_EXERCISE DIRECTIONS_
Look below for the line that contains "August is the" and the line that contains "倒, 灌, 倾注:verser", then restate both of them and every line in between, exactly. No picture goes in the copy.

_SUPPLIED RECORDS_
*-*-*

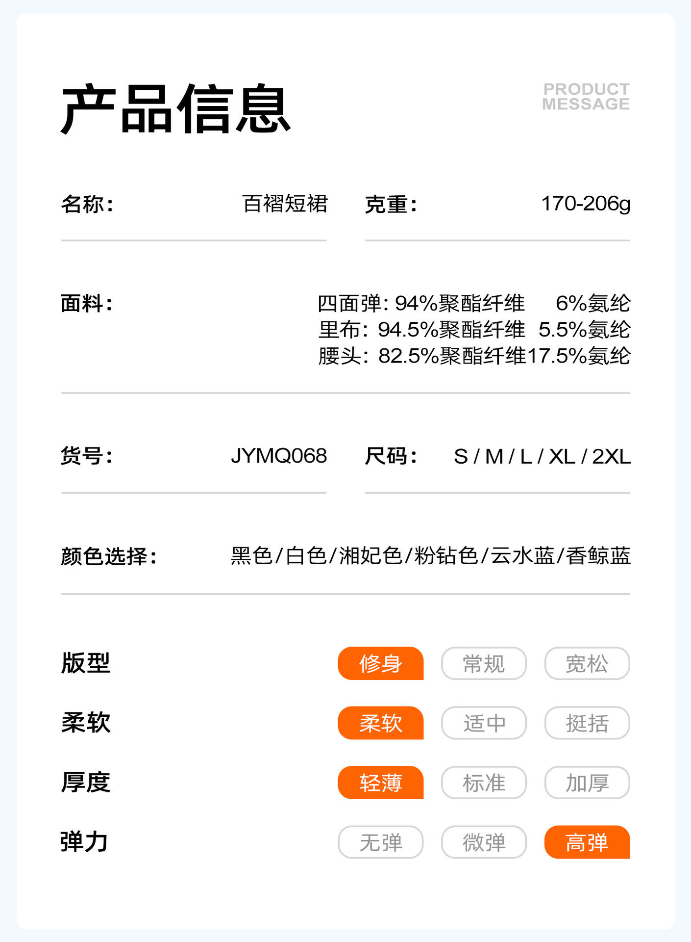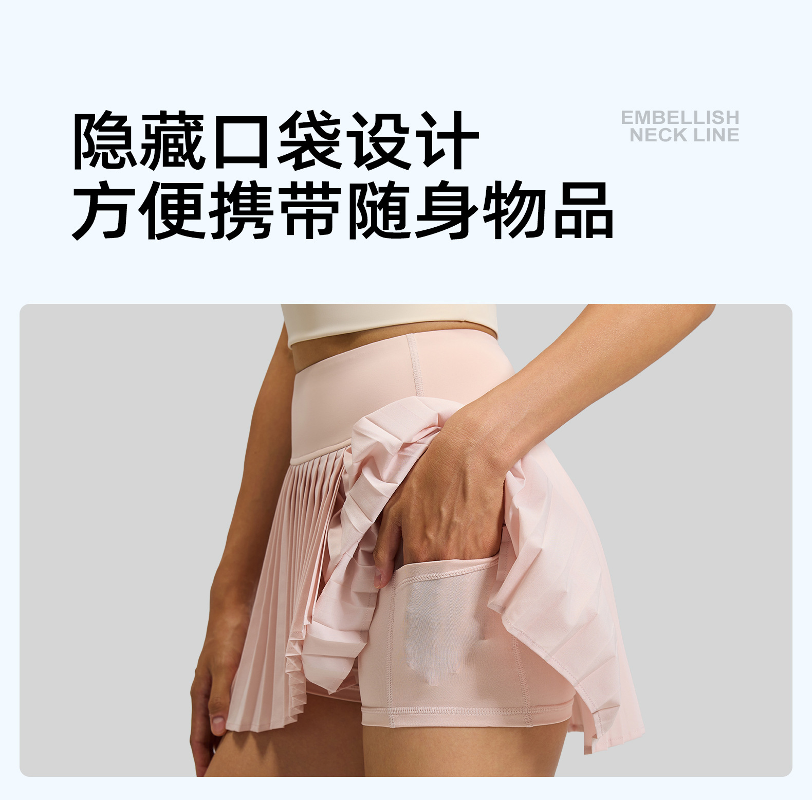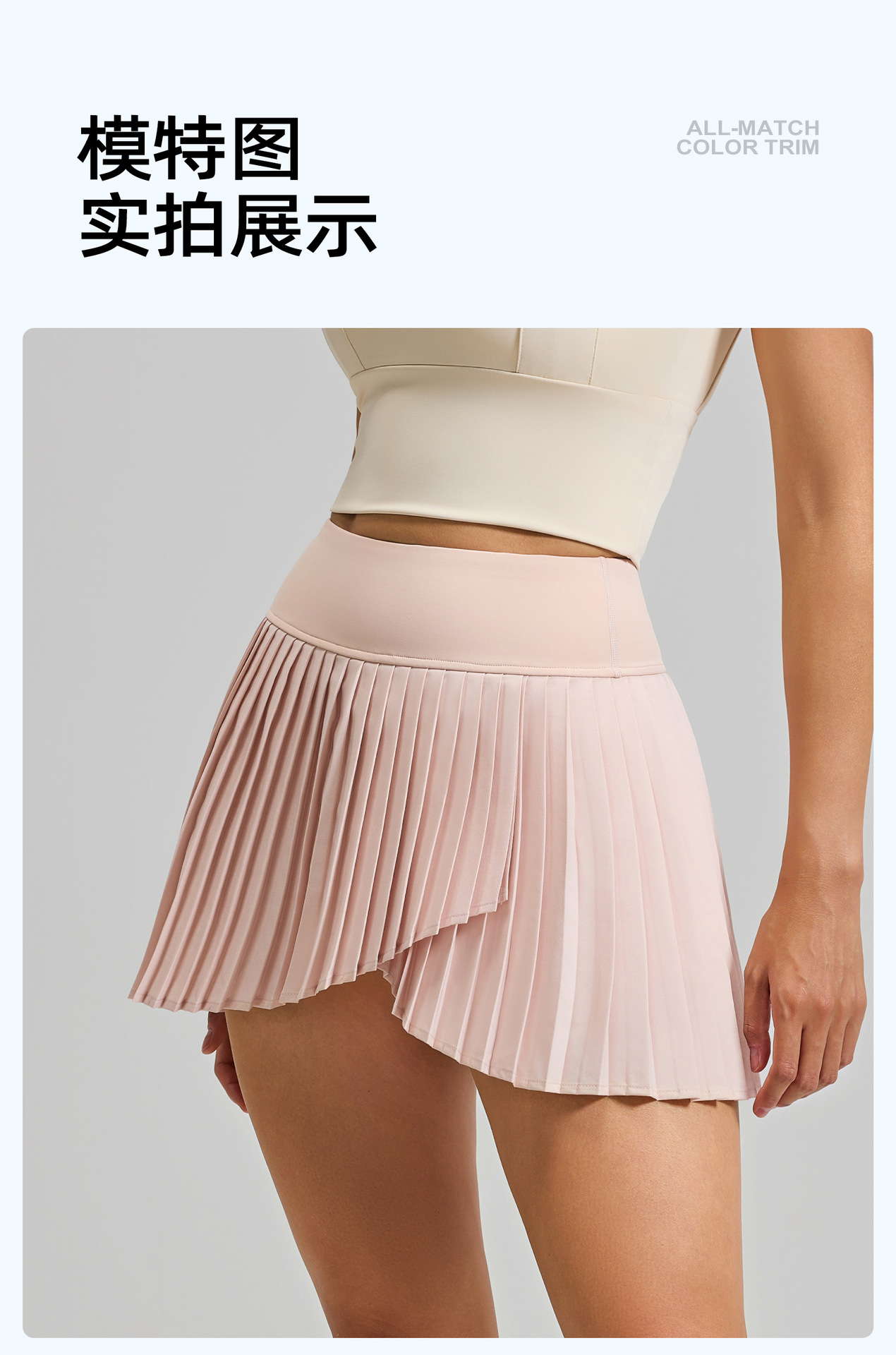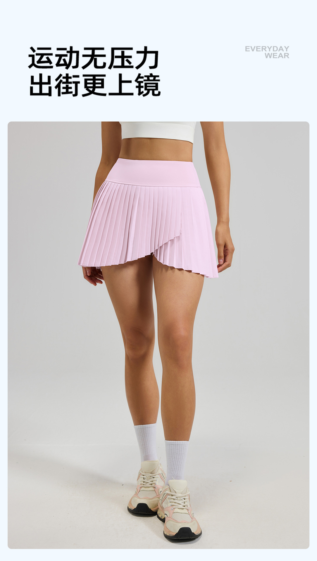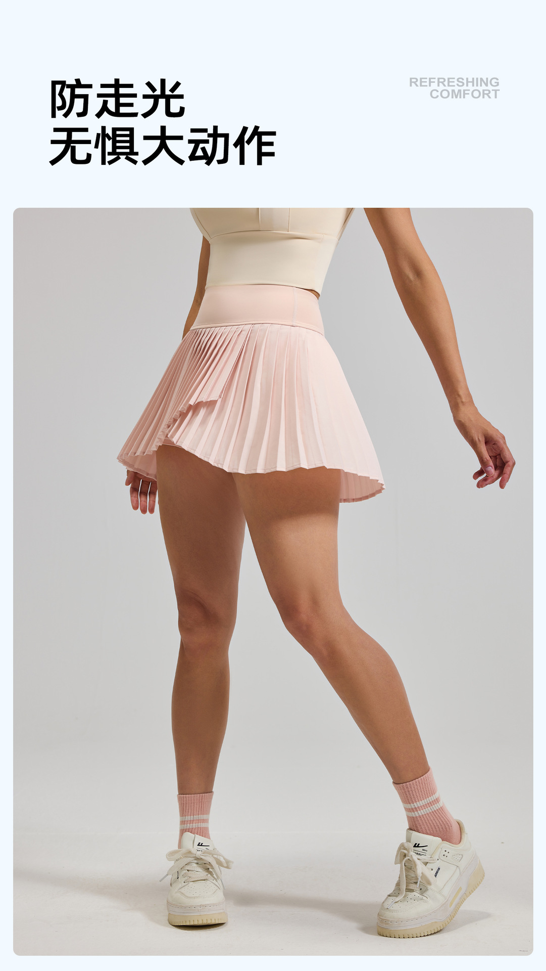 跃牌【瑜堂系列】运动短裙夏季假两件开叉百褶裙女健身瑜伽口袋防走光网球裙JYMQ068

*-*-*

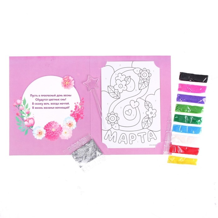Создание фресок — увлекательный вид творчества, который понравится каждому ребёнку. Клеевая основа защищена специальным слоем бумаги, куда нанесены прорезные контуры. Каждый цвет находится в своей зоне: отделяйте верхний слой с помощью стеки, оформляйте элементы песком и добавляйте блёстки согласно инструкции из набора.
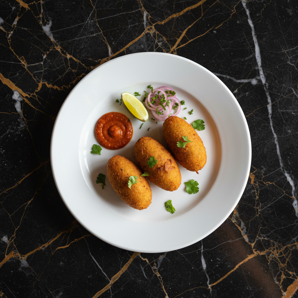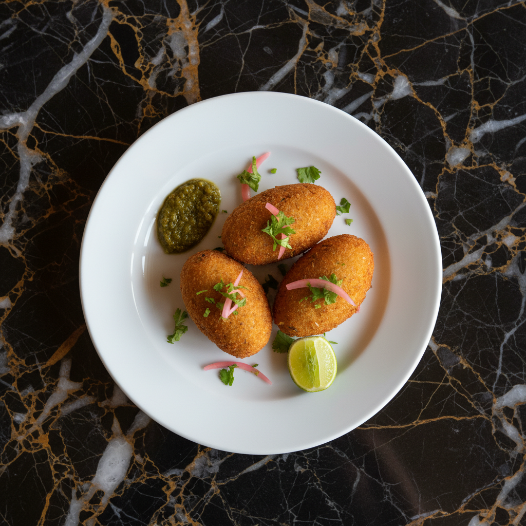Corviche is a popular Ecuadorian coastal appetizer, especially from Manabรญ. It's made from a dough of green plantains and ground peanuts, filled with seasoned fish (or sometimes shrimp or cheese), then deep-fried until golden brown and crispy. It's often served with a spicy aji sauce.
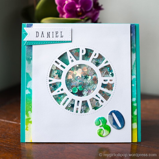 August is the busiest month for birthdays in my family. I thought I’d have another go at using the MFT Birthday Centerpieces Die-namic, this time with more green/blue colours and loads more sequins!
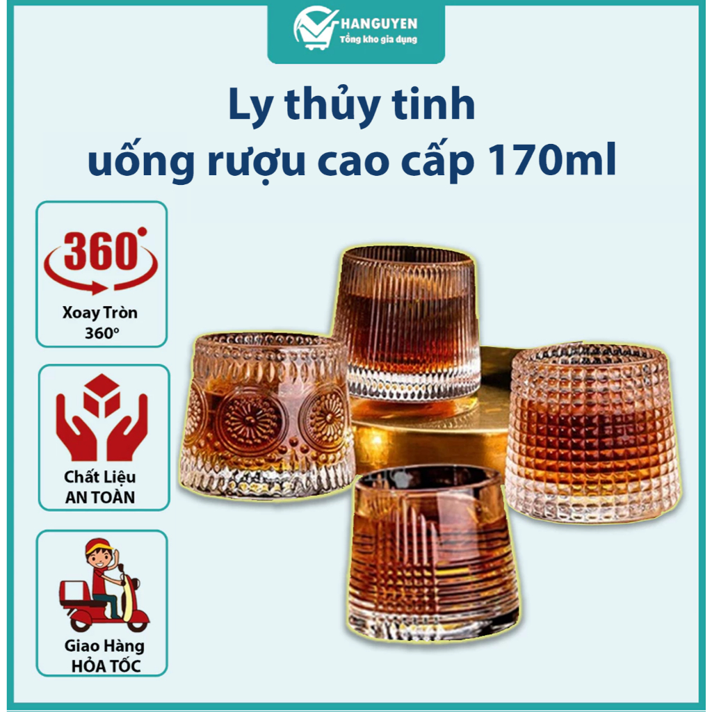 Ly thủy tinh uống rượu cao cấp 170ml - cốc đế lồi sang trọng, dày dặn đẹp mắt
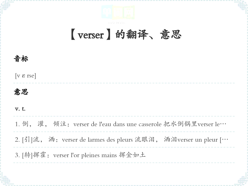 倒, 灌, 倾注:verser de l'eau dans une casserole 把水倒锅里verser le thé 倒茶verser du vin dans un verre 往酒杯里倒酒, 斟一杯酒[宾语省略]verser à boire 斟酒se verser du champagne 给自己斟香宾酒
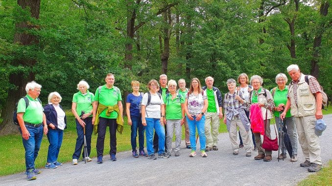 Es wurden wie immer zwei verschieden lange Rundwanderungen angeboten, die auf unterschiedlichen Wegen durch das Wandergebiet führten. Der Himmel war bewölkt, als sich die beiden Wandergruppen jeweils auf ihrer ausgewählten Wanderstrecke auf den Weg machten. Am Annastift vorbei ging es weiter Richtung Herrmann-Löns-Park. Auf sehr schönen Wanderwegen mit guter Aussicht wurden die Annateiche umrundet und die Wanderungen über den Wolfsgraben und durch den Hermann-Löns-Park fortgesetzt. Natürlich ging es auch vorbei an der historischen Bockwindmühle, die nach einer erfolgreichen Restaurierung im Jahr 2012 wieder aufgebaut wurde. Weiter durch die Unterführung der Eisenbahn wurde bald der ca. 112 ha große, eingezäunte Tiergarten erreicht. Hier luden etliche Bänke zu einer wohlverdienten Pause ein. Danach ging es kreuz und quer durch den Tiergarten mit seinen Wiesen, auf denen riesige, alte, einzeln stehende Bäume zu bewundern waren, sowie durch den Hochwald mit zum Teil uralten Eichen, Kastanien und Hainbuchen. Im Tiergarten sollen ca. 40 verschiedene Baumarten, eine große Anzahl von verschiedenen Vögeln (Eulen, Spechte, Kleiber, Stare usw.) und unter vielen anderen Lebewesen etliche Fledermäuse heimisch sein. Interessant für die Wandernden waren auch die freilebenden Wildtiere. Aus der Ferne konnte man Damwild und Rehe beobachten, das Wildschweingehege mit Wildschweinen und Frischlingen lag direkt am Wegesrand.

*-*-*

_WRITTEN REPLY_
 August is the busiest month for birthdays in my family. I thought I’d have another go at using the MFT Birthday Centerpieces Die-namic, this time with more green/blue colours and loads more sequins!
 Ly thủy tinh uống rượu cao cấp 170ml - cốc đế lồi sang trọng, dày dặn đẹp mắt
 倒, 灌, 倾注:verser de l'eau dans une casserole 把水倒锅里verser le thé 倒茶verser du vin dans un verre 往酒杯里倒酒, 斟一杯酒[宾语省略]verser à boire 斟酒se verser du champagne 给自己斟香宾酒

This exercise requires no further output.